Look out, lazy Bee reporters and boring columnists! In other conglomeration news, The Sacramento Bee’s parent company, the ever-expanding McClatchy Co., may be considering plunking down $1.5 billion to buy another midsized newspaper chain, Pulitzer Inc. McClatchy already owns 12 daily papers and could add the Pulitzer 14, including the St. Louis Post-Dispatch, the Arizona Daily Star and four middling papers in California. The news that Pulitzer was up for sale was reported locally last week in the Sacramento Business Journal and was prominent in the business press in other parts of the country (what, no Bee story?). But none of the reports Bites read mentioned how great the consolidation would be for readers. So, Bites asked Peter Hart, an analyst with the media watchdog group Fairness and Accuracy in Reporting, to explain what benefit regular Bee readers might get from the merger, and it’s not much. “Usually, the idea is to pare down the news staff as much as possible, typically at the expense of local reporting.” Yes, Hart said sadly, such mergers can make a lot of money for shareholders, but they don’t generally make for great journalism. “It would be a gradual shift; the casual reader might not notice anything at first,” Hart explained. But, over time, the larger companies tend to cut staff as they buy up papers, and rely less on local reporters and more on synergistic pre-packaged stories. “The idea is to figure out how to do as little as possible and still maintain some semblance of a daily newspaper.”

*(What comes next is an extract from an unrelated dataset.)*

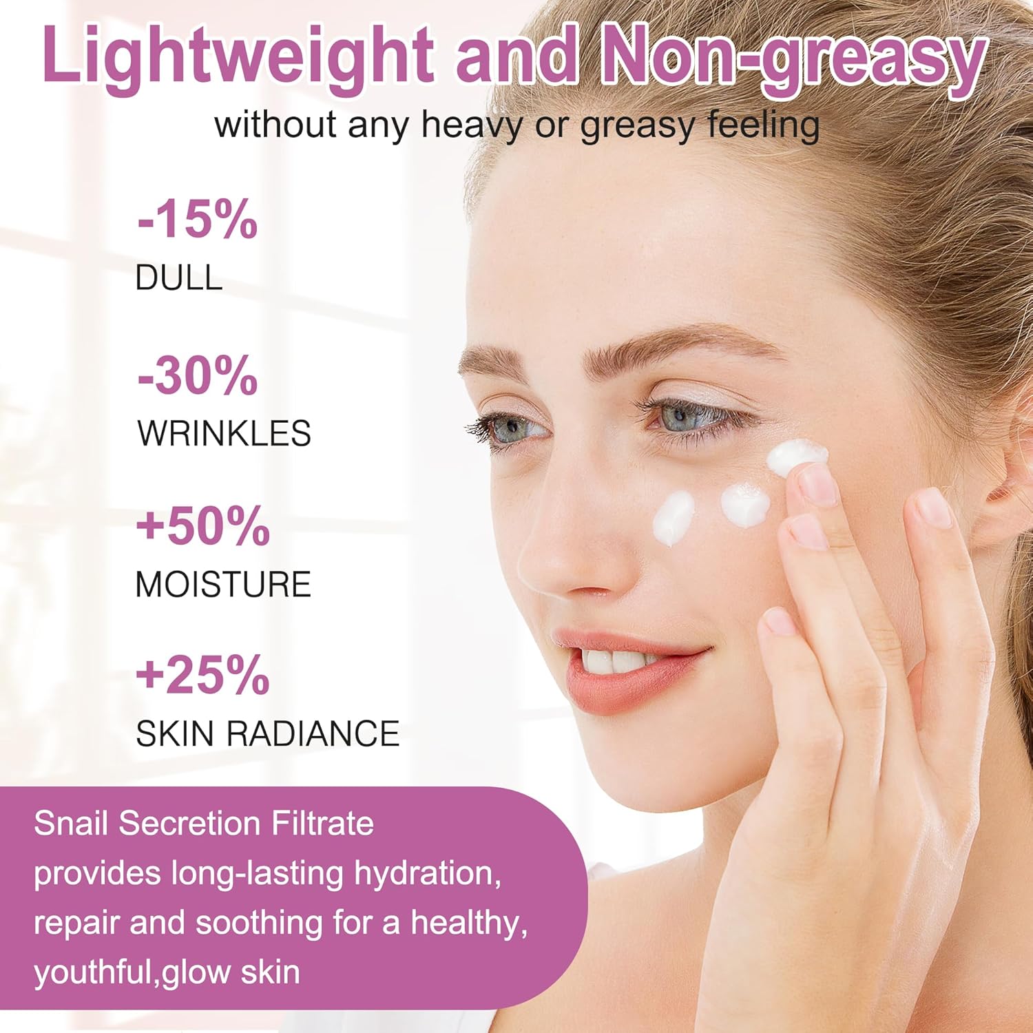 - Lightweight and Non-greasy: Our facial skin care products absorb quickly to get long-lasting hydration,repair and soothing skin.Enjoy a healthy glow without any heavy or greasy feeling.Snail Mucin is obtained in a friendly way.NO Snails are Harmed

Dueling lobbyists fire first shots: Bites is ready for a loud public fight over marriage now that the Traditional Values Coalition (motto: “Empowering people of faith through knowledge”) has come forward with proposals for a state constitutional amendment to add California “to those 11 other states that passed marriage amendments on November 2nd preserving marriage for one man and one woman.” The values people held a press conference last Monday with local pastors, and their spokesperson declared that “the notion of homosexual marriage will be pushed back in the closet where it belongs.” So, who’s in the blue-state corner pushing back? State Assemblyman Mark Leno is presenting Assembly Bill 19, which will change the language of the law to recognize marriage as a non-gender-specific union between two people. His press conference was held the next day, and the title of the bill is: the Religious Freedom and Civil Marriage Protection Act. Bites is always on the side of allowing anyone—male, female, whatever—to get married, and at least that way they can fight over values in private and then take it public in a courtroom.